Download Interactive Notebook

import pylegend
frame = pylegend.samples.pandas_api.northwind_orders_frame()

frame.info()

<class 'pylegend.extensions.tds.pandas_api.frames.pandas_api_legend_service_input_frame.PandasApiLegendServiceInputFrame'>
RangeIndex: 830 entries
Data columns (total 5 columns):
#  Column         Non-Null Count  Dtype     
-  -------------  --------------  ----------
0  Order Id       830 non-null    Integer   
1  Order Date     830 non-null    StrictDate
2  Required Date  830 non-null    StrictDate
3  Shipped Date   809 non-null    StrictDate
4  Ship Name      830 non-null    String    
dtypes: Integer(1), StrictDate(3), String(1)

join

PandasApiTdsFrame.join(other, on=None, how='left', lsuffix='', rsuffix='', sort=False, validate=None)[source]

Join this TDS frame with another on shared column(s).

Convenience method that delegates to merge(). The lsuffix and rsuffix parameters are mapped to the suffixes parameter of merge, and on is passed directly.

Parameters:

other (PandasApiTdsFrame) – The right TDS frame to join with.
on (Union[str, Sequence[str], None]) – Column name(s) to join on. Must exist in both frames. Unlike pandas join, this parameter specifies column names, not index labels.
how (Optional[str]) – Type of join. See merge() for details.
lsuffix (str) – Suffix to apply to overlapping column names from the left frame.
rsuffix (str) – Suffix to apply to overlapping column names from the right frame.
sort (Optional[bool]) – If True, sort the result by the join keys.
validate (Optional[str]) – Not supported. Passing any value raises NotImplementedError.

Returns:

A new TDS frame containing the joined result.

Return type:

PandasApiTdsFrame

Raises:

ValueError – If overlapping column names exist and lsuffix / rsuffix do not resolve the conflict.
NotImplementedError – If validate is set.

See also

merge: The underlying merge method with full parameter control.

Notes

Differences from pandas:

In pandas, DataFrame.join joins on the index by default, optionally using on to specify a column in the left frame to match against the right frame’s index. Here, join is purely column-on-column and delegates directly to merge(on=on). There is no index-based joining.
The lsuffix and rsuffix parameters correspond to suffixes=(lsuffix, rsuffix) in merge. In pandas, default suffixes are empty strings (raising on conflict); here they also default to empty strings.
Because this delegates to merge, all limitations of merge apply: no self-join, no left_index / right_index, no indicator, and no validate.

Examples

Download Interactive Notebook

import pylegend
frame = pylegend.samples.pandas_api.northwind_orders_frame()

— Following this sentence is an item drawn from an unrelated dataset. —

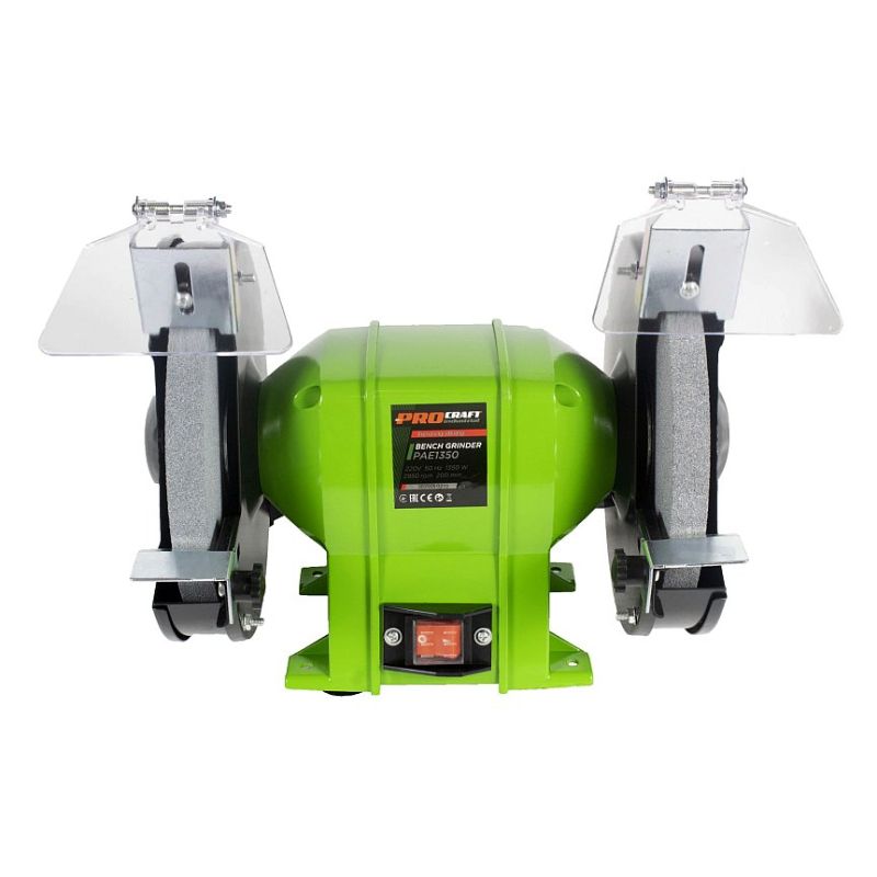 Шмиргел Procraft PAE1350 с мощност 350 W и диаметър на диска Ф200 мм. Предназначен е за заточване на домакински инструменти. Има два прозрачни защитни екрана, които предпазват от искри и прах. Въртящите се дискове с различни гранули са покрити с метални капаци, за да се предотвратят наранявания. Моделът разполага с удобен бутон за спиране и защита срещу прах. Има компактни размери и повишена производителност.

# Create a second frame with renamed columns
frame2 = pylegend.samples.pandas_api.northwind_orders_frame()
frame2 = frame2.rename({"Order Id": "Right Order Id"})

# Left join on a common key
frame.head(5).join(
    frame2.head(5),
    on="Ship Name",
    how="left",
    lsuffix="_left",
    rsuffix="_right"
).to_pandas()

	Order Id	Order Date_left	Required Date_left	Shipped Date_left	Ship Name	Right Order Id	Order Date_right	Required Date_right	Shipped Date_right
0	10248	1996-07-04	1996-08-01	1996-07-16	Vins et alcools Chevalier	10248	1996-07-04	1996-08-01	1996-07-16
1	10249	1996-07-05	1996-08-16	1996-07-10	Toms Spezialitäten	10249	1996-07-05	1996-08-16	1996-07-10
2	10250	1996-07-08	1996-08-05	1996-07-12	Hanari Carnes	10250	1996-07-08	1996-08-05	1996-07-12
3	10251	1996-07-08	1996-08-05	1996-07-15	Victuailles en stock	10251	1996-07-08	1996-08-05	1996-07-15
4	10252	1996-07-09	1996-08-06	1996-07-11	Suprêmes délices	10252	1996-07-09	1996-08-06	1996-07-11

loc

property PandasApiTdsFrame.loc: PandasApiLocIndexer

Access rows and columns by label-based indexing or boolean conditions.

Returns a PandasApiLocIndexer that supports [] notation for combined row filtering and column selection.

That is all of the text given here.